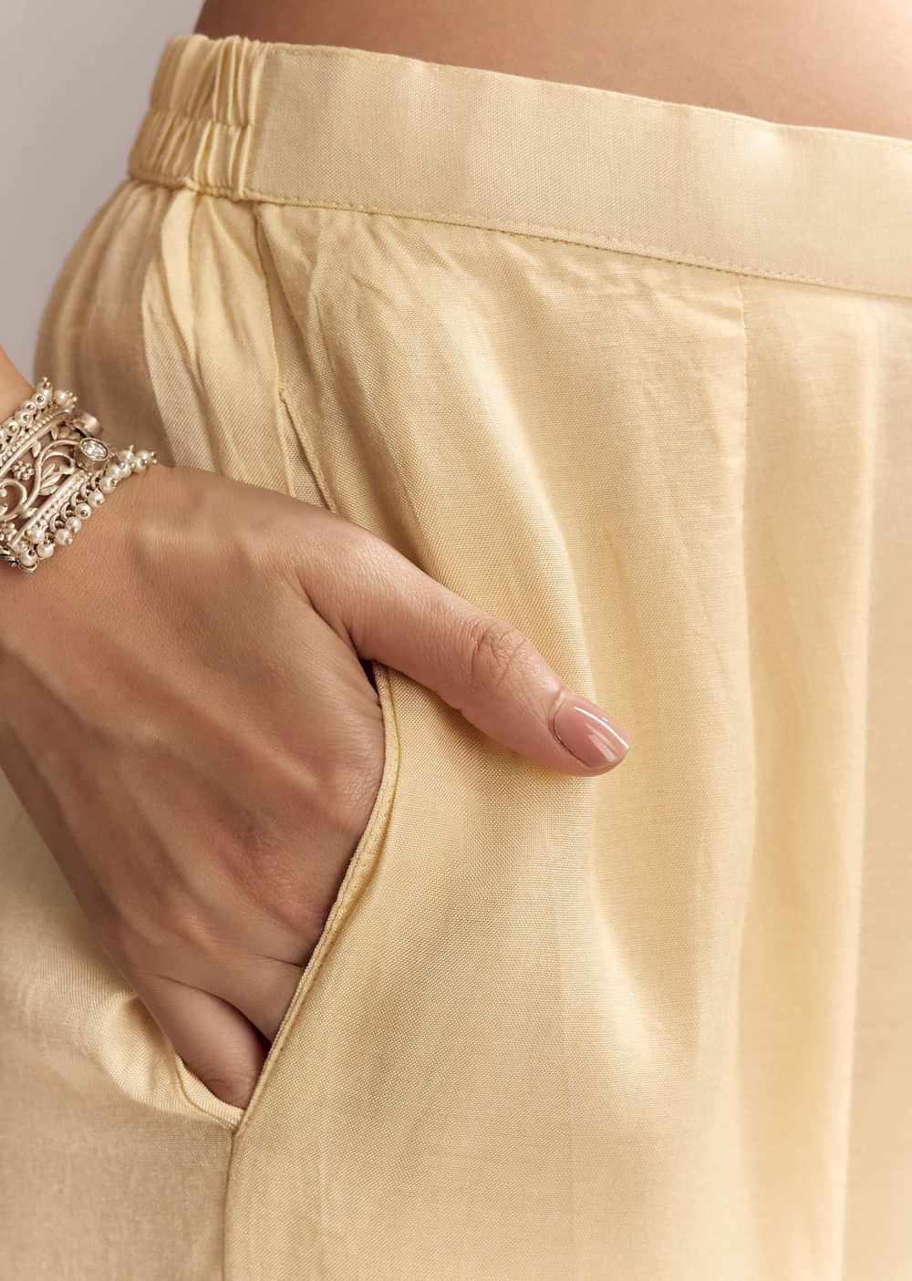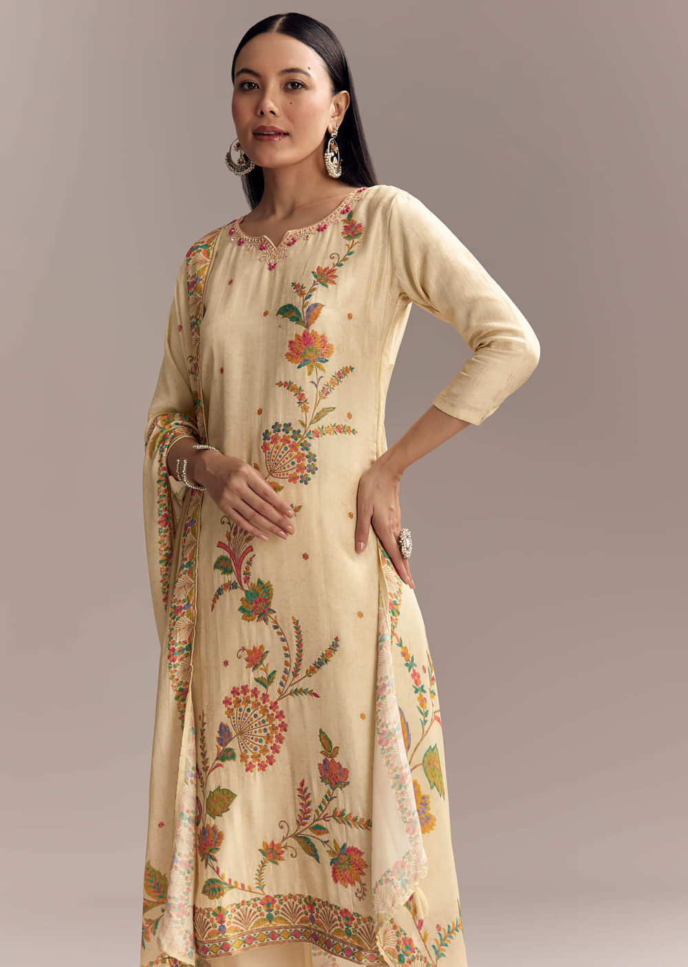 Easy and effortless, this off white silk kurta set keeps the mood relaxed yet polished. A soft floral print adds gentle colour with a neat, day-friendly finish. Perfect for casual... More Product Details
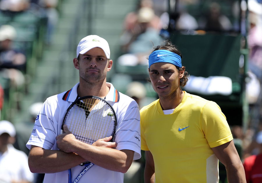 02 April 2010: Andy Roddick and Rafael Nadal before the semi-finals of the Sony Ericsson Open at the Tennis Center at Crandon Park, Key Biscayne, Florida. Roddick won the match 4-6 6-3 6-3. (Photo by Richard C. Lewis/Icon SMI/Icon Sport Media via Getty Images)
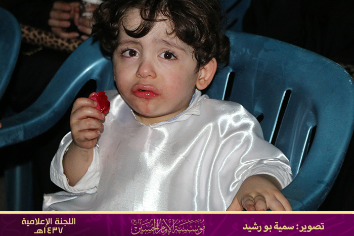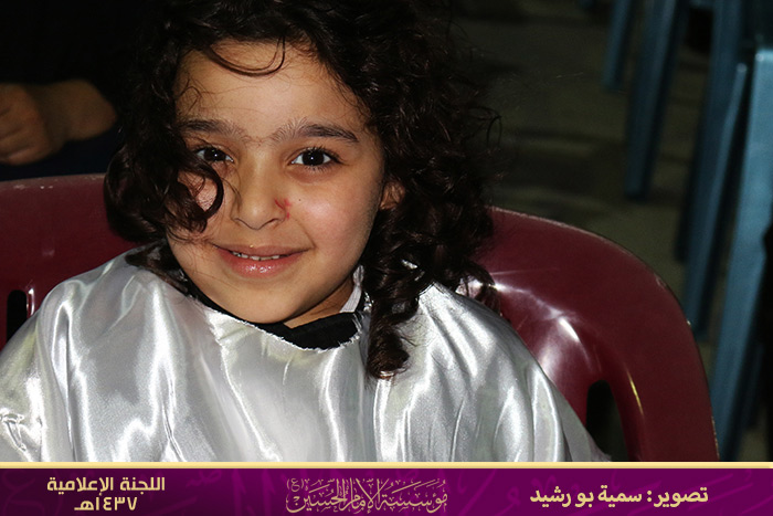 وفعّلت اللجنة في الليلة الأولى ركن الرسم للأطفال، ليوضحوا مشاعرهم و أفكارهم حول معركة كربلاء وآل الحسين عليهم السلام من خلال الفن.
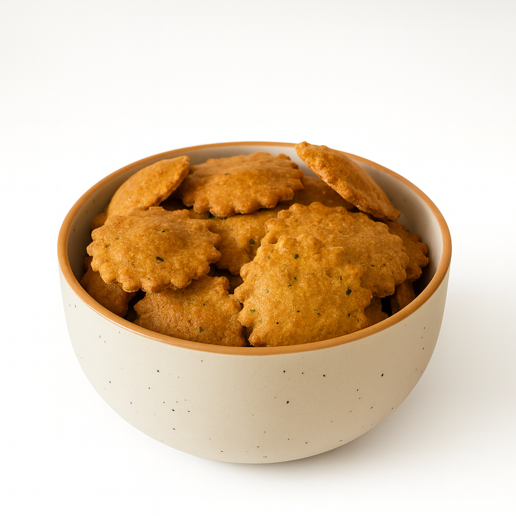Our Whole Wheat Mathari is a baked version of the classic savoury snack—crunchy, flaky, and seasoned with mild spices. Made with 100% whole wheat flour and butter, it brings traditional flavours in a lighter, more modern form.
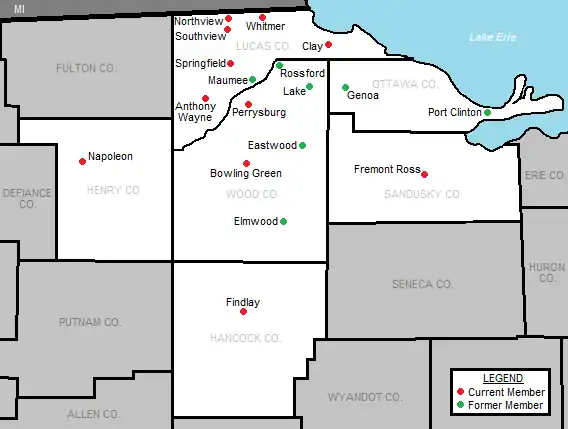 • The Great Northern Conference had been created in 1945 with Oregon Clay, Maumee, Perrysburg, Rossford, Sylvania and Toledo Whitmer as its charter members.[1] Anthony Wayne would join them in 1953. League expansion was brought up in 1956 as Bowling Green, Fostoria, Swanton, Oak Harbor, Genoa, Lake, Port Clinton, Toledo Rogers and Holland were considered for membership. The GNC eventually grew and split into two divisions based on size— Orange: (Bowling Green, Clay, Fostoria, Toledo Rogers, Sylvania, and Toledo Whitmer) and Blue: (Anthony Wayne, Genoa, Maumee, Perrysburg, Port Clinton and Rossford). The names were changed in 1957, with the Orange Division becoming the Great Lakes League and the Blue Division becoming the Northern Lakes League.[2]
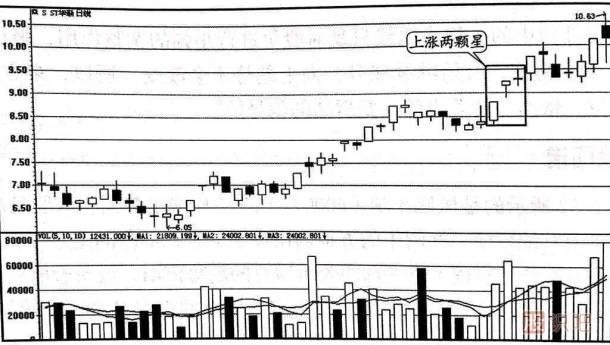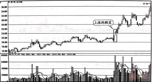 上漲兩顆星屬于常見(jiàn)的上漲中繼形態(tài),一般出現(xiàn)在大行情的初期。 大陽(yáng)線(xiàn)之后連續(xù)出現(xiàn)勢(shì)均力敵的信號(hào)意味著多空雙方的力量在新的條件下取得了平衡,空方?jīng)]有打壓股價(jià)的力量,多方的勝利被鞏固了,投資者對(duì)股價(jià)的上漲已經(jīng)取得了共識(shí),大陽(yáng)線(xiàn)取得的成果已經(jīng)得到市場(chǎng)的認(rèn)同,這往往是股價(jià)大幅度攀升的先兆。
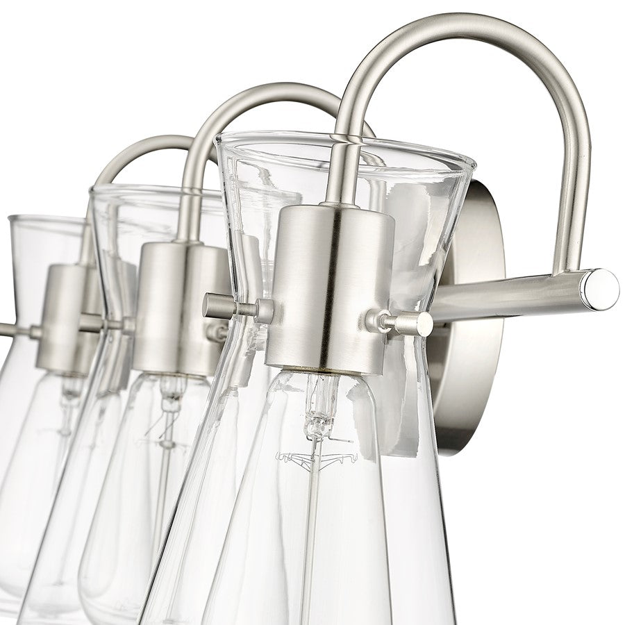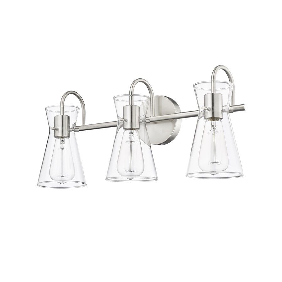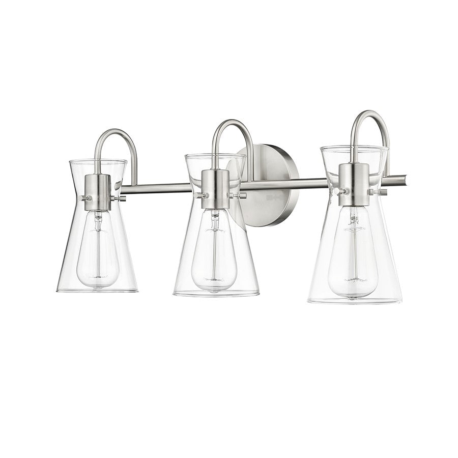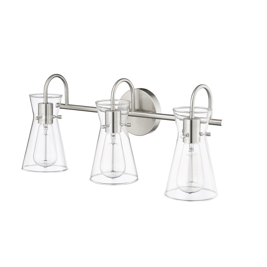 Distinctive beaker-shaped clear glass globes define the look of the Camellia Collection of vanity lighting. The overall design ensures well-defined lighting without shadows in the most needed spaces. The fixtures, featuring swan-neck lines and finished in modern gold, brushed nickel, or matte black, complete the overall design-forward effect and are available in 2-light, 3-light, and 4-light options.
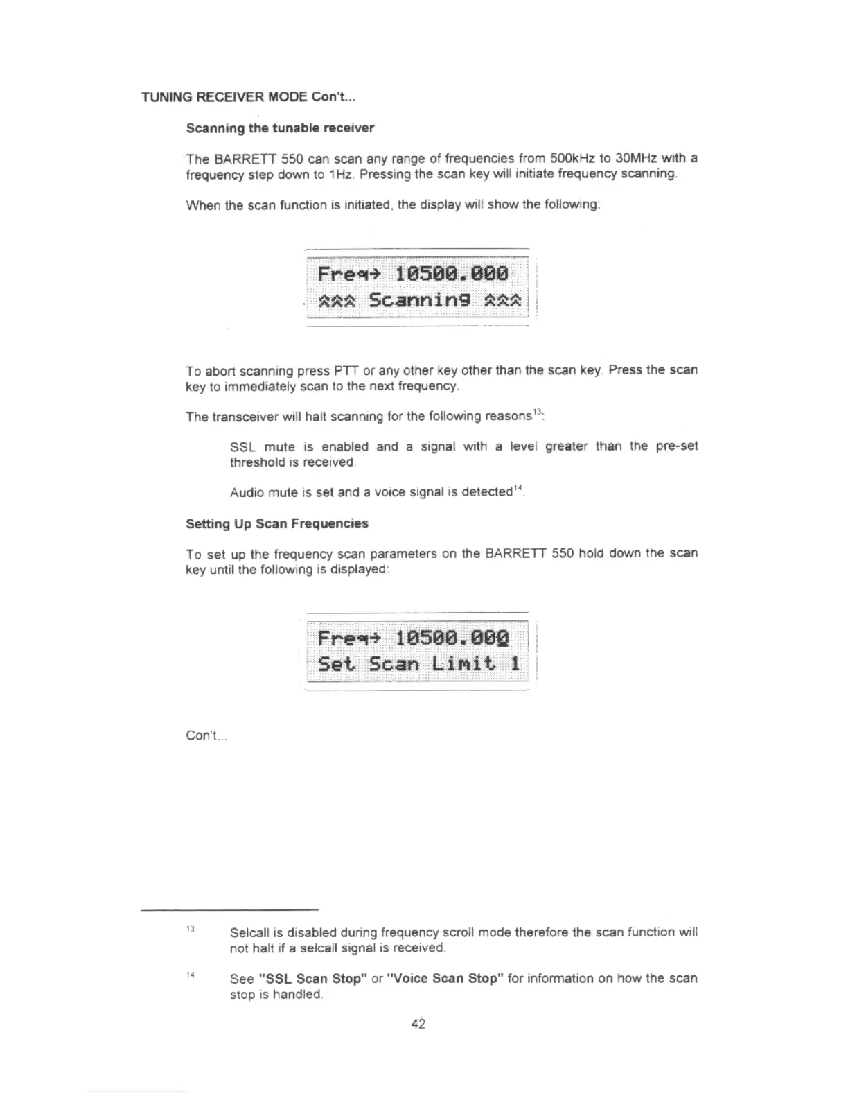 Barrett 550 - Scanning the Tunable Receiver; Setting up Scan Frequency
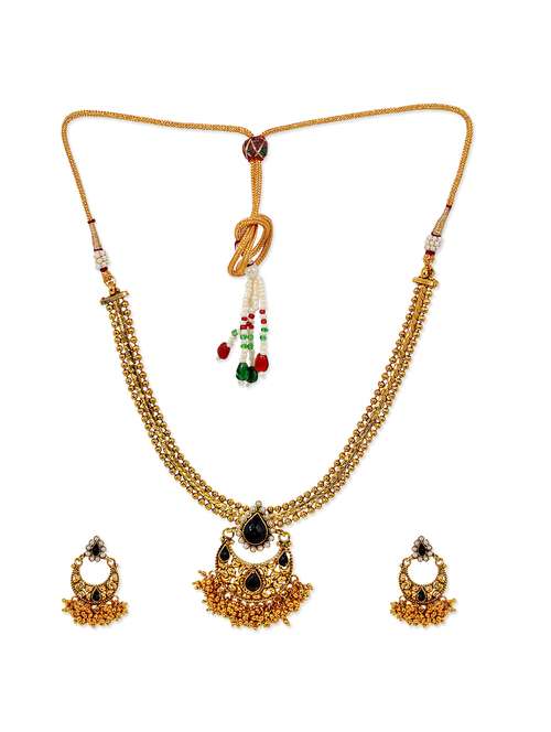 #1 exclusive black micron gold plated necklace set with earrings & similar products...
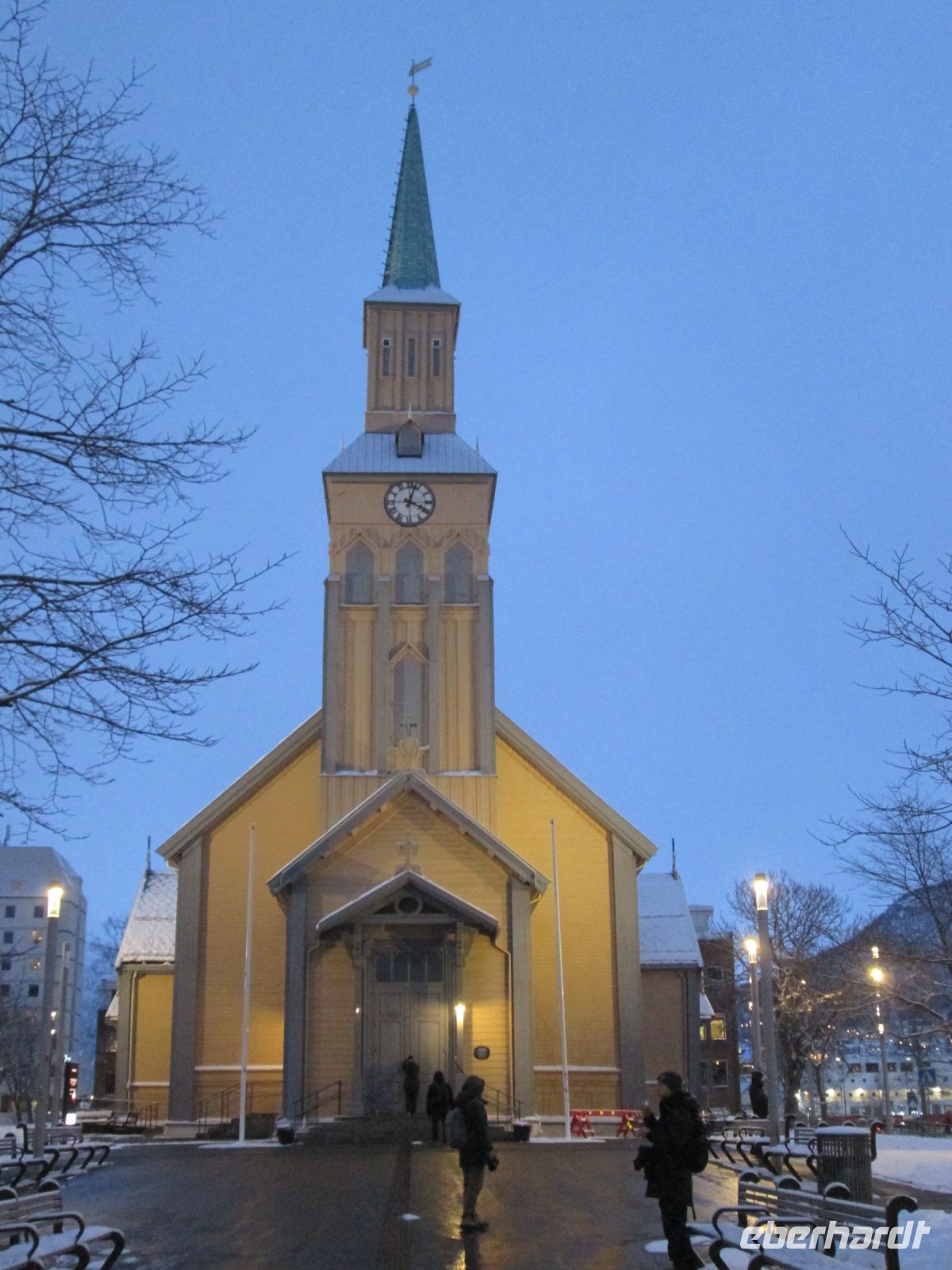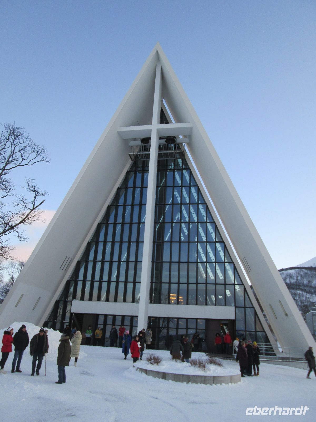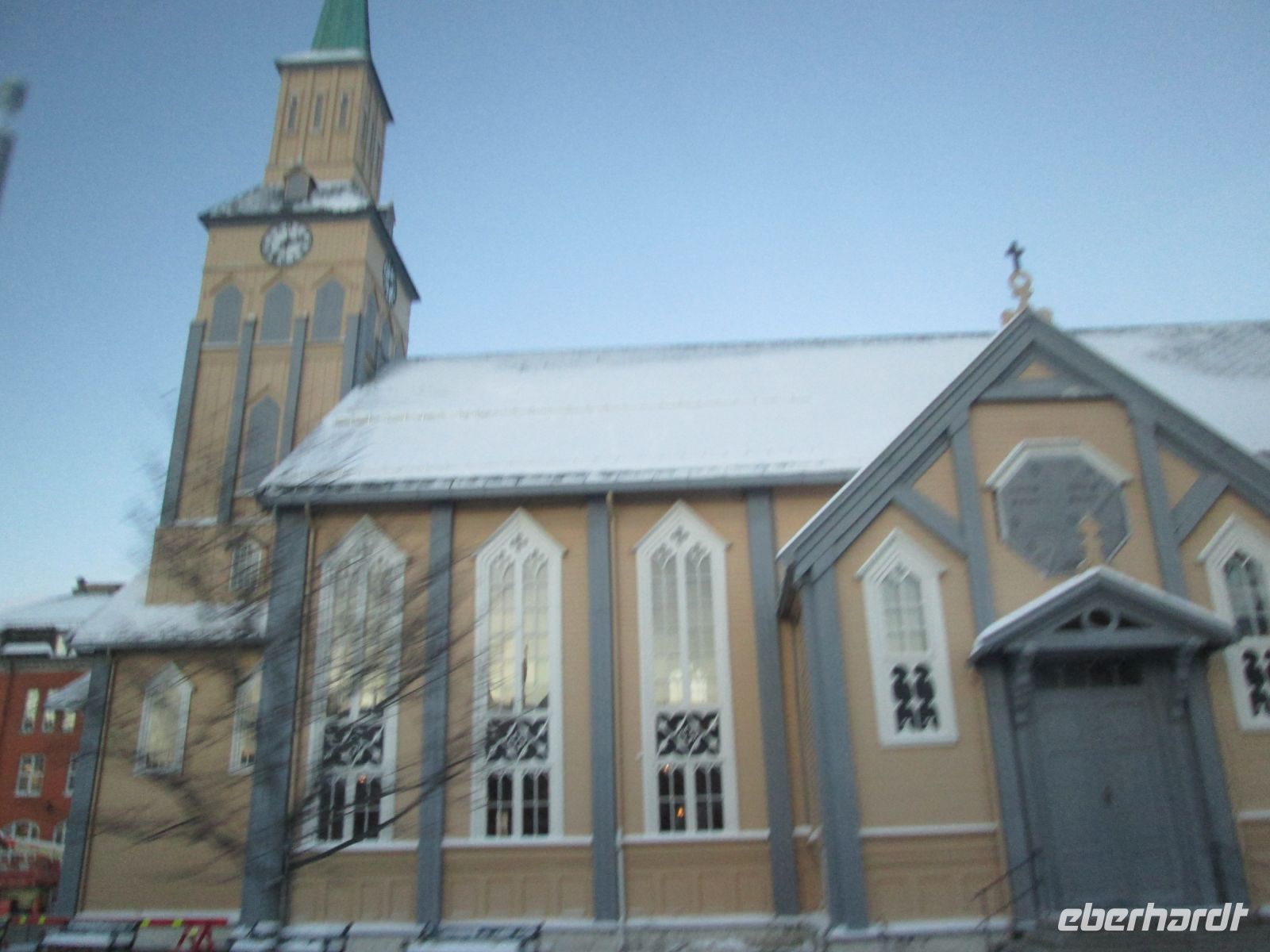 In Tromsø befindet sich eben der nördlichsten Brauerei der Welt auch die nördlichste Kathedrale. Diese ist eine der größten Holzkirchen Norwegens und befindet sich mitten im Stadtzentrum. Unser nächstes Ziel nennt sich zwar Kathedrale, genauer Eismeerkathedrale, ist allerdings kein Bischofssitz. Die Kirche wurde 1965 auf der Festlandseite der Stadt erbaut und ist aufgrund ihrer imposanten Architektur eine der Hauptsehenswürdigkeiten der Stadt.

## [Task prompt]
Repeat the data exactly. No pictures should appear.

## [Response below]
 Easy and effortless, this off white silk kurta set keeps the mood relaxed yet polished. A soft floral print adds gentle colour with a neat, day-friendly finish. Perfect for casual... More Product Details
 02 April 2010: Andy Roddick and Rafael Nadal before the semi-finals of the Sony Ericsson Open at the Tennis Center at Crandon Park, Key Biscayne, Florida. Roddick won the match 4-6 6-3 6-3. (Photo by Richard C. Lewis/Icon SMI/Icon Sport Media via Getty Images)
 وفعّلت اللجنة في الليلة الأولى ركن الرسم للأطفال، ليوضحوا مشاعرهم و أفكارهم حول معركة كربلاء وآل الحسين عليهم السلام من خلال الفن.
Our Whole Wheat Mathari is a baked version of the classic savoury snack—crunchy, flaky, and seasoned with mild spices. Made with 100% whole wheat flour and butter, it brings traditional flavours in a lighter, more modern form.
 • The Great Northern Conference had been created in 1945 with Oregon Clay, Maumee, Perrysburg, Rossford, Sylvania and Toledo Whitmer as its charter members.[1] Anthony Wayne would join them in 1953. League expansion was brought up in 1956 as Bowling Green, Fostoria, Swanton, Oak Harbor, Genoa, Lake, Port Clinton, Toledo Rogers and Holland were considered for membership. The GNC eventually grew and split into two divisions based on size— Orange: (Bowling Green, Clay, Fostoria, Toledo Rogers, Sylvania, and Toledo Whitmer) and Blue: (Anthony Wayne, Genoa, Maumee, Perrysburg, Port Clinton and Rossford). The names were changed in 1957, with the Orange Division becoming the Great Lakes League and the Blue Division becoming the Northern Lakes League.[2]
 上漲兩顆星屬于常見(jiàn)的上漲中繼形態(tài),一般出現(xiàn)在大行情的初期。 大陽(yáng)線(xiàn)之后連續(xù)出現(xiàn)勢(shì)均力敵的信號(hào)意味著多空雙方的力量在新的條件下取得了平衡,空方?jīng)]有打壓股價(jià)的力量,多方的勝利被鞏固了,投資者對(duì)股價(jià)的上漲已經(jīng)取得了共識(shí),大陽(yáng)線(xiàn)取得的成果已經(jīng)得到市場(chǎng)的認(rèn)同,這往往是股價(jià)大幅度攀升的先兆。
 Distinctive beaker-shaped clear glass globes define the look of the Camellia Collection of vanity lighting. The overall design ensures well-defined lighting without shadows in the most needed spaces. The fixtures, featuring swan-neck lines and finished in modern gold, brushed nickel, or matte black, complete the overall design-forward effect and are available in 2-light, 3-light, and 4-light options.
 Barrett 550 - Scanning the Tunable Receiver; Setting up Scan Frequency
 #1 exclusive black micron gold plated necklace set with earrings & similar products...
 In Tromsø befindet sich eben der nördlichsten Brauerei der Welt auch die nördlichste Kathedrale. Diese ist eine der größten Holzkirchen Norwegens und befindet sich mitten im Stadtzentrum. Unser nächstes Ziel nennt sich zwar Kathedrale, genauer Eismeerkathedrale, ist allerdings kein Bischofssitz. Die Kirche wurde 1965 auf der Festlandseite der Stadt erbaut und ist aufgrund ihrer imposanten Architektur eine der Hauptsehenswürdigkeiten der Stadt.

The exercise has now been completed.